- Data for this exercise -
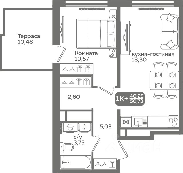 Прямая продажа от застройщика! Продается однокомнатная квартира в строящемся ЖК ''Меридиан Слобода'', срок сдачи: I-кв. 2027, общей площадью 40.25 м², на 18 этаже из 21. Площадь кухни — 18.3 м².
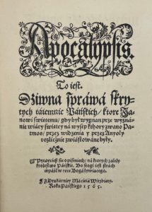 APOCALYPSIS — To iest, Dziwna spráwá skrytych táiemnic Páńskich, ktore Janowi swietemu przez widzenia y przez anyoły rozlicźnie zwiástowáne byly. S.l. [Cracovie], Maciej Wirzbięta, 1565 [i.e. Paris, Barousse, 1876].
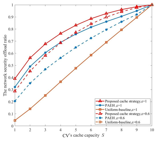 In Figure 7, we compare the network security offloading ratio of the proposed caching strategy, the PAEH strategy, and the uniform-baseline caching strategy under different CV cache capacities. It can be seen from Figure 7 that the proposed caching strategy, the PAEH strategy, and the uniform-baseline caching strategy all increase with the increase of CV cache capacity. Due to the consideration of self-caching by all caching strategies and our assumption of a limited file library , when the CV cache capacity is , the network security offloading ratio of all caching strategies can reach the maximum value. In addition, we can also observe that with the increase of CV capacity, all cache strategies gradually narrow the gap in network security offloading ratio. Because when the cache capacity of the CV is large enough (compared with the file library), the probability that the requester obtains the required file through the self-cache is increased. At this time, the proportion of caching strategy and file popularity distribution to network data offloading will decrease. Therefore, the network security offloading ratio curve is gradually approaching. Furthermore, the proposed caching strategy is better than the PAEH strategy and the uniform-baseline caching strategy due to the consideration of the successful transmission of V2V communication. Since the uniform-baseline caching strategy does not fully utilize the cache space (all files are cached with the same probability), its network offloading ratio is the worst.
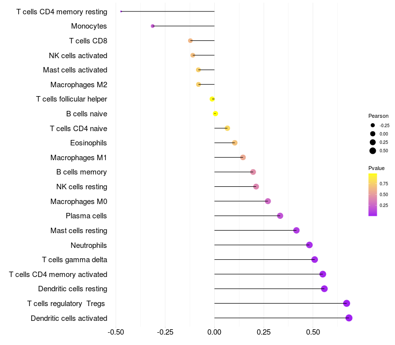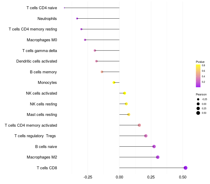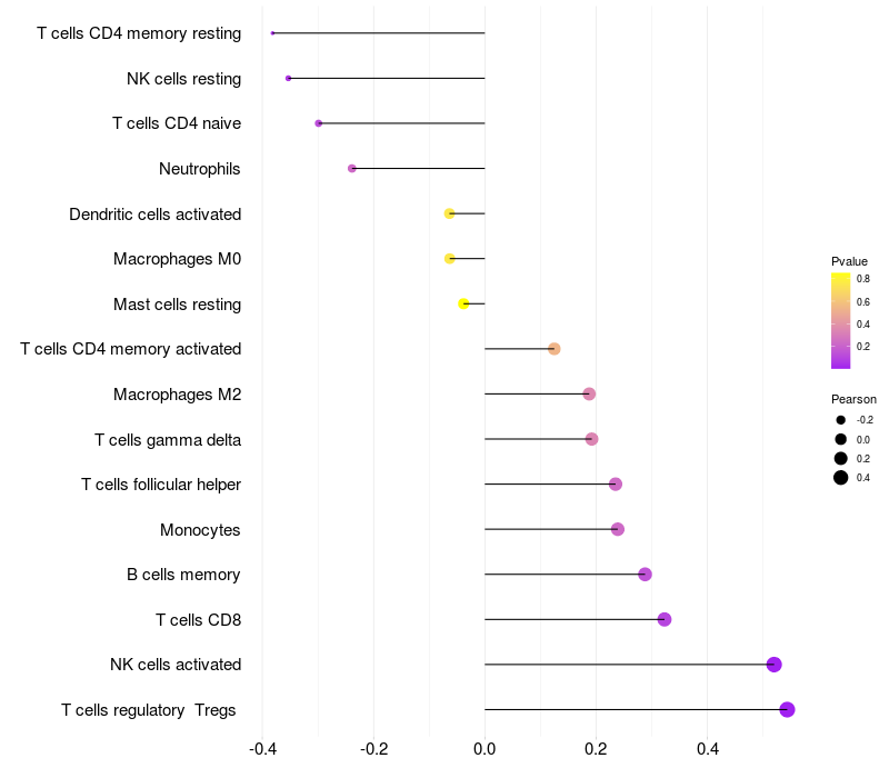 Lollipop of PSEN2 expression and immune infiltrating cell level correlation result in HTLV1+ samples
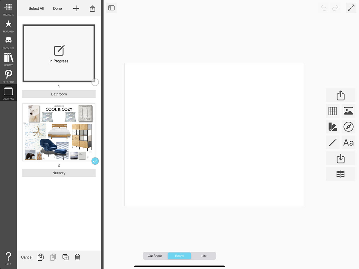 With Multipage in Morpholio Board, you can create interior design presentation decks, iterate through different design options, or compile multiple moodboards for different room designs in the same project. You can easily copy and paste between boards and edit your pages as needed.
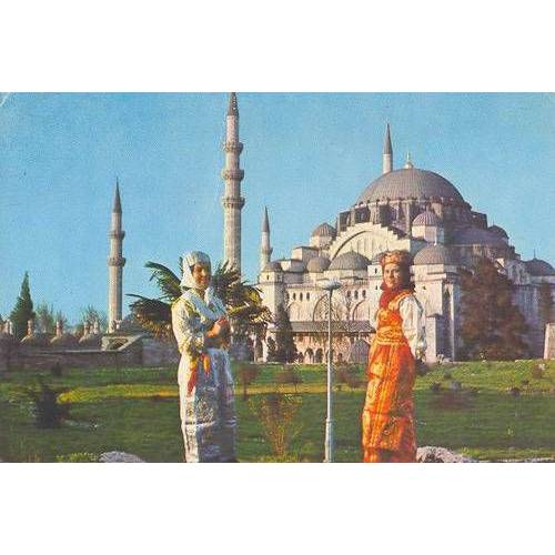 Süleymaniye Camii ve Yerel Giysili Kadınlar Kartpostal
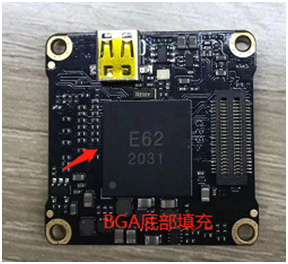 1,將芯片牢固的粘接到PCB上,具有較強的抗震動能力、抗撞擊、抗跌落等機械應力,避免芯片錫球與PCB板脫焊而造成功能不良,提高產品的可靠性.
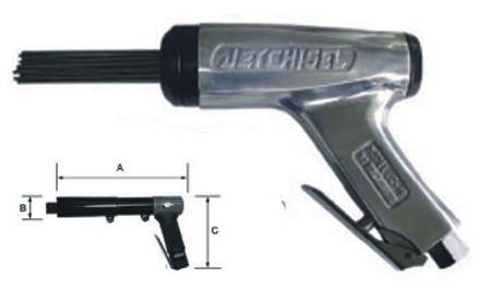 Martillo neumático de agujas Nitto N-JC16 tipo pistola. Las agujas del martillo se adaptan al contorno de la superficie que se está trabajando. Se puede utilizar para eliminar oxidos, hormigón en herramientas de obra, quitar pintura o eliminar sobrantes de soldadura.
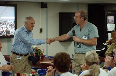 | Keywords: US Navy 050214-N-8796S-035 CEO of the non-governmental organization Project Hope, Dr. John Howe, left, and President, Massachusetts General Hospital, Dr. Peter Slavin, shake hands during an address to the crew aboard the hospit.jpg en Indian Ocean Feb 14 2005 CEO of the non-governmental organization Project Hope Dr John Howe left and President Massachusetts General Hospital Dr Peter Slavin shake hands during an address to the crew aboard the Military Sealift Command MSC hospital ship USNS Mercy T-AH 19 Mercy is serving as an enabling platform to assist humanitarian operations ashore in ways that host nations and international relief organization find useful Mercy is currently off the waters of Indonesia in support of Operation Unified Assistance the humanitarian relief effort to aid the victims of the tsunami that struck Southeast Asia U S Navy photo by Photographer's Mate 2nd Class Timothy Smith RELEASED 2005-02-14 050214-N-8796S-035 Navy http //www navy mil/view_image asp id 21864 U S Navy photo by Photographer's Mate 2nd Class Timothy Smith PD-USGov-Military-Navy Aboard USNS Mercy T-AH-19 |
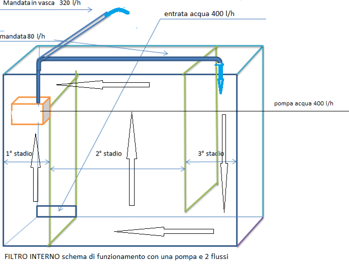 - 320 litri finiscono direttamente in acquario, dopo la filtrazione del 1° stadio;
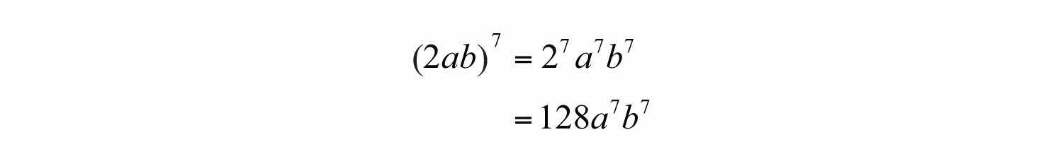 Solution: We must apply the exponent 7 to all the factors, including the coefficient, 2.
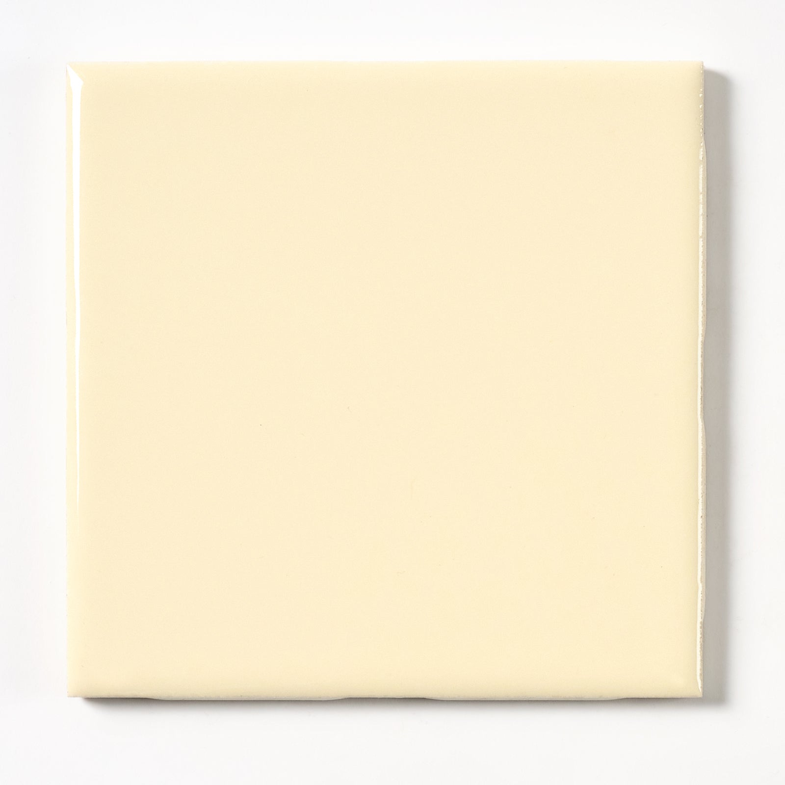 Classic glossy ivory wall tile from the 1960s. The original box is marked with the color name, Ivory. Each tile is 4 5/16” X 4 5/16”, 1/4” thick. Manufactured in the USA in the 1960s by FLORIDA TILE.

- Exercise description -
Give the lines exactly, from the first line of the entries to the line with "APOCALYPSIS — To", both ends included. Skip the pictures.

- Exercise result -
 Прямая продажа от застройщика! Продается однокомнатная квартира в строящемся ЖК ''Меридиан Слобода'', срок сдачи: I-кв. 2027, общей площадью 40.25 м², на 18 этаже из 21. Площадь кухни — 18.3 м².
 APOCALYPSIS — To iest, Dziwna spráwá skrytych táiemnic Páńskich, ktore Janowi swietemu przez widzenia y przez anyoły rozlicźnie zwiástowáne byly. S.l. [Cracovie], Maciej Wirzbięta, 1565 [i.e. Paris, Barousse, 1876].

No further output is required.